We then evaluated the potential of a KBMA P. aeruginosa microsyringe for cancer immunotherapy. This evaluation was performed using a mouse model of syngenic B16 melanoma cells that express OVA antigen (B16-OVA cell line). The injection of B16-OVA cells into C57BL/6J mice resulted in rapid tumor development. The capacity to stimulate immunity against B16-OVA cells with a KBMA P. aeruginosa vaccine was first evaluated in a prophylactic vaccination scheme. A conventional prime (day 14) and boost (day 7) immunization dosing regimen and a tumor challenge at day 0 was conducted. We observed significantly better survival in mice vaccinated with two injections of KBMA S54-OVA (2X 5 × 107 bacteria) as compared with HK S54-OVA or PBS (P = 0.0006) (Figure 6b). In contrast, there was no significant difference between OST S54-OVA and KBMA S54-OVA (2X 5 × 107 bacteria).

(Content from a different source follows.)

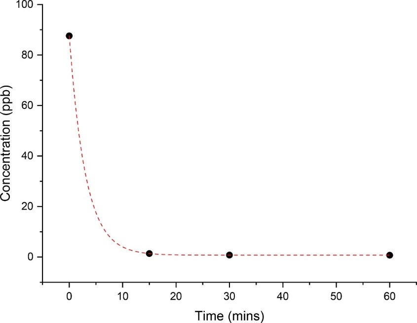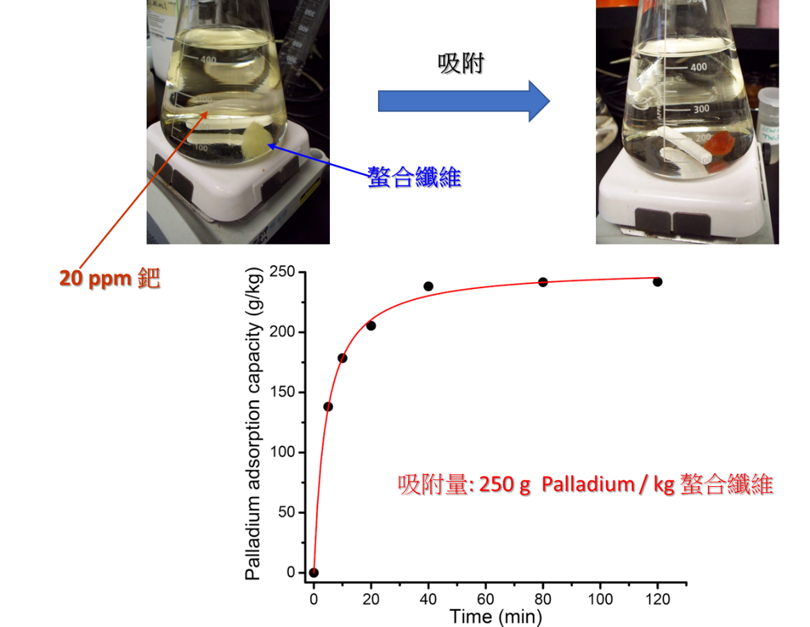 圖7、鈀金吸附實驗照片與吸附動力學曲線

To confirm the curative efficacy of the vaccine, we further investigated the survival of mice vaccinated according to our previously established therapeutic vaccination schema.13 B16-OVA cells were implanted at day 0, and mice were then vaccinated six times with KBMA P. aeruginosa or live strains (1 day after and every 4 days). We observed that, in contrast to the non-immunized group (OST-EI), all of the OVA-expressing strains exhibited efficient tumor protection. The best tumor rejection efficacy occurred with 4X injections of KBMA and OSTAB S54-OVA (Figure 6c) (P = 0.0012).

Hence, KBMA is an efficient strain to stimulate specific immune response in vivo and to cure tumor.

Discussion

Here, we report for the first time on an attenuated, KBMA P. aeruginosa T3SS-based vaccine. We used P. aeruginosa for two reasons: (i) P. aeruginosa is a pathogen that serves as an adjuvant, and we know that the host's perceived level of danger directly influences the type and intensity of the immune response;22 and (ii) P. aeruginosa's T3SS is a microsyringe, which is useful for cellular protein delivery and it helps to stimulate effector and memory T lymphocytes. In this study, the motivation for inhibiting P. aeruginosa's replication was based on two major observations: (i) although its toxicity was attenuated with multiple virulent gene deletions,24 P. aeruginosa was not considered safe enough to be administered to immune-compromised patients with cancer; and (ii) bacterial strain vaccines should not disseminate in the environment and potentially infect other individuals.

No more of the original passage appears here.